Валерий Сдобняков - В предчувствии апокалипсиса
Когда в далеком 1974 году при газете решили создать литобъединение "Магистраль", мне предложили его возглавить в качестве литконсультанта. Каждый второй четверг месяца в редакции собирались начинающие поэты и прозаики со всего Минска. Заглядывали и маститые – на первую годовщину "Магистрали" мне удалось уговорить прийти народного поэта Беларуси Пимена Панченко, который после заседания, лукаво взглянув на меня, произнес: "У вас наверняка рукопись первой книги готова, и вы не прочь, чтобы я её посмотрел…" Я был на седьмом небе. Через несколько дней Пимен Емельянович пригласил меня в гости, долго расспрашивал, немало и сам порассказал эпизодов из своей богатой на события и встречи литературной жизни. Рукопись оставил у себя, а через несколько дней возвратил вместе с вложенной рецензией-рекомендацией: "Идите с этим в издательство, я всё же народный поэт, ко мне должны прислушаться. Книга, не сомневаюсь, выйдет очень быстро…"
Наивный Пимен Емельянович! Будь я пареньком из сельской глубинки, который пишет на белорусском языке, всё бы, не сомневаюсь, так и произошло. Мне же сказали другое: "Добрых дядечек у нас много… Тут вот один автор принёс рукопись сразу с тремя рекомендациями – от Шолохова, Михалкова и Гамзатова. Разве настоящему таланту под силу заполучить такое? Будем читать!.."
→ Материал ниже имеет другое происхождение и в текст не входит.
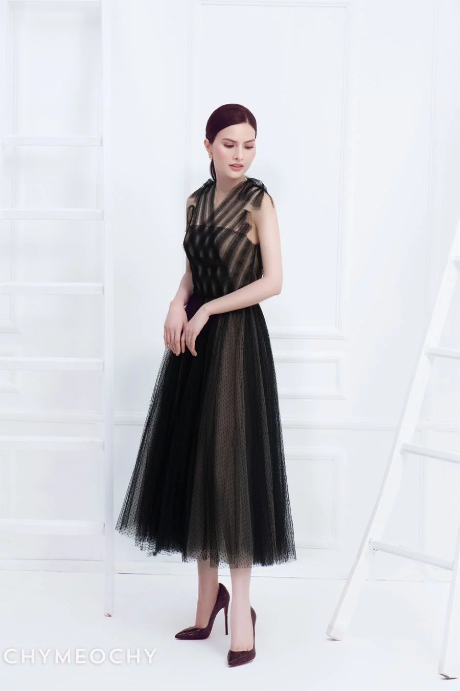 Chân váy voan trong mờ dệt họa tiết chấm bi trên nền lưới xuyên thấu và cúp ngực cúp ngực quyến rũ nhưng tinh xảo mang đến cho các quý cô của CHYMEOCHY vẻ ngoài tươi tắn, quyến rũ, lôi cuốn và tự tin.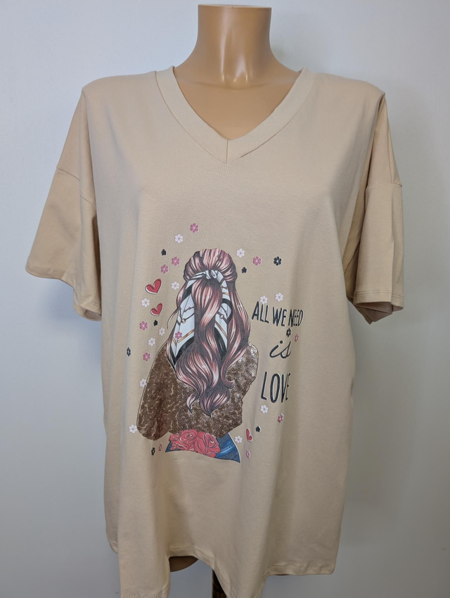 Tee-shirt MOM – Taille Unique 44/50 – Col V avec Motif Femme 👩✨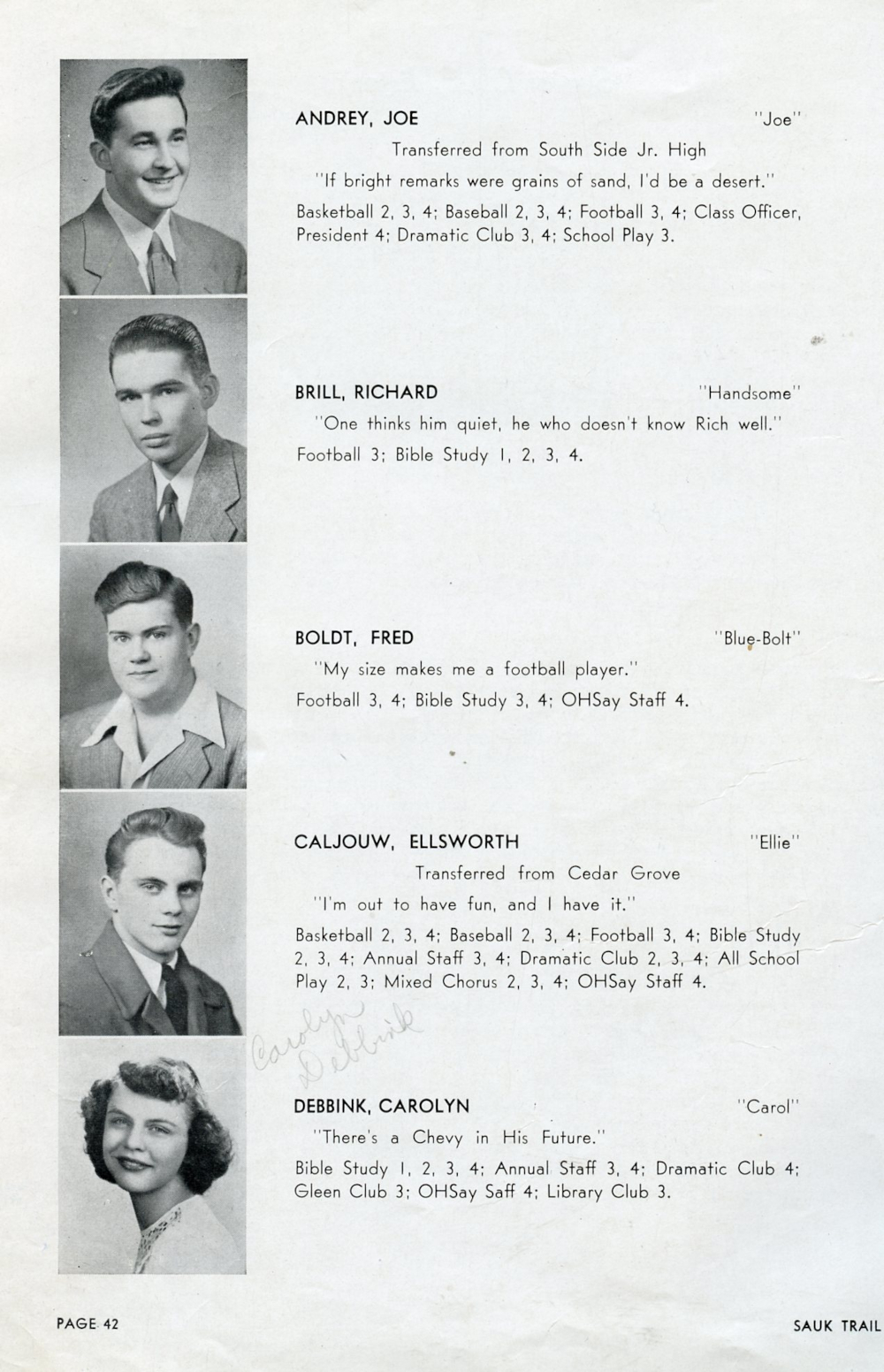 1949 Oostburg High School Yearbook Page 42: Joe Andrey, Richard Brill, Fred Boldt, Ellsworth Caljouw, Carolyn Debbink.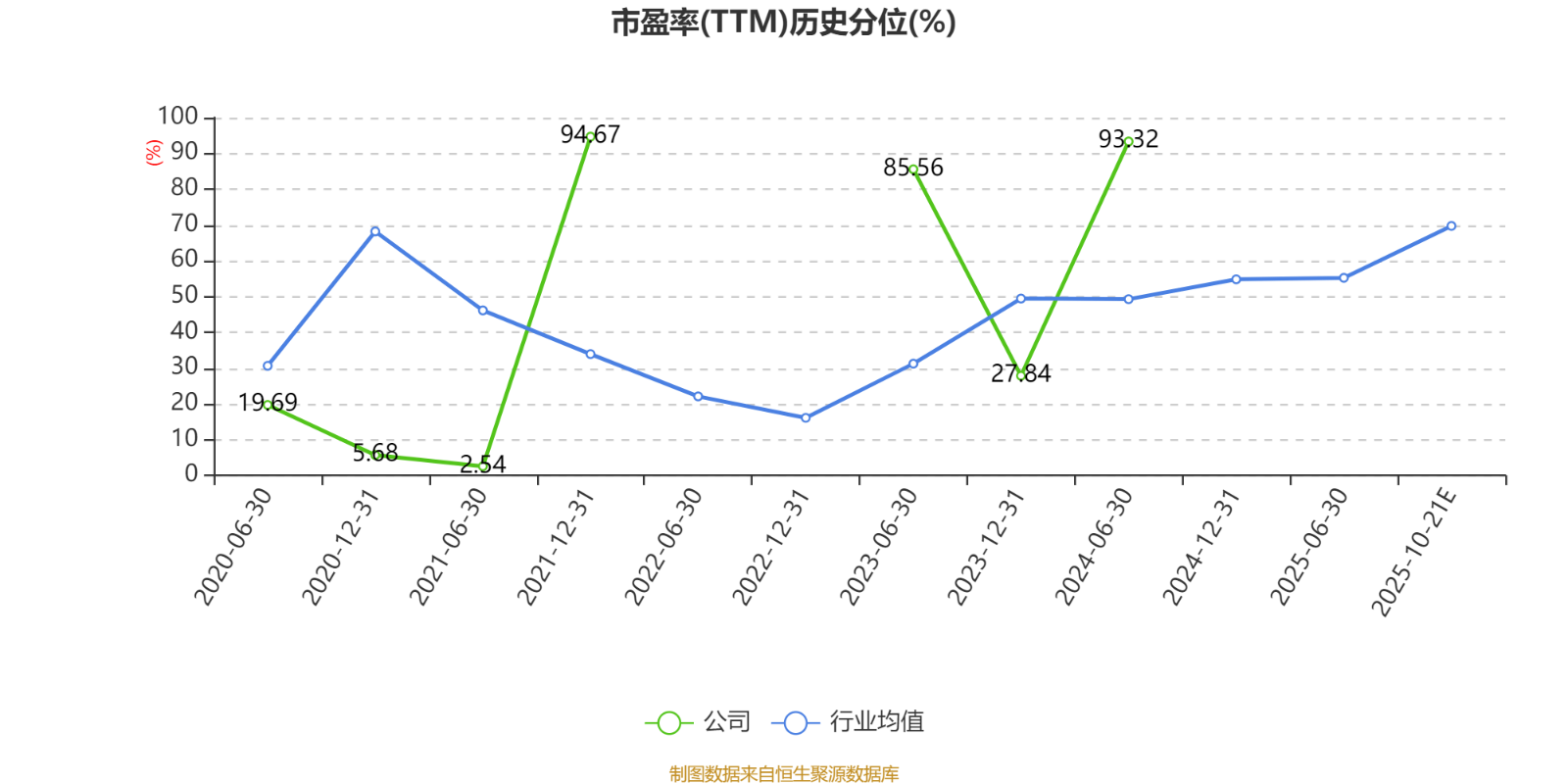 以本次披露业绩预告均值计算,公司近年市盈率(TTM)图如下所示:

"Читали" целых три года… Сколько П. Панченко ни звонил директору издательства, несмотря на целых три положительных рецензии книга в набор не шла. Не шла до той поры, пока в дело не вмешался вышеупомянутый Михась Стрельцов. Не знаю, о чём он говорил с издателями, но через полгода мой первый сборник "Снегопад в июле" увидел свет…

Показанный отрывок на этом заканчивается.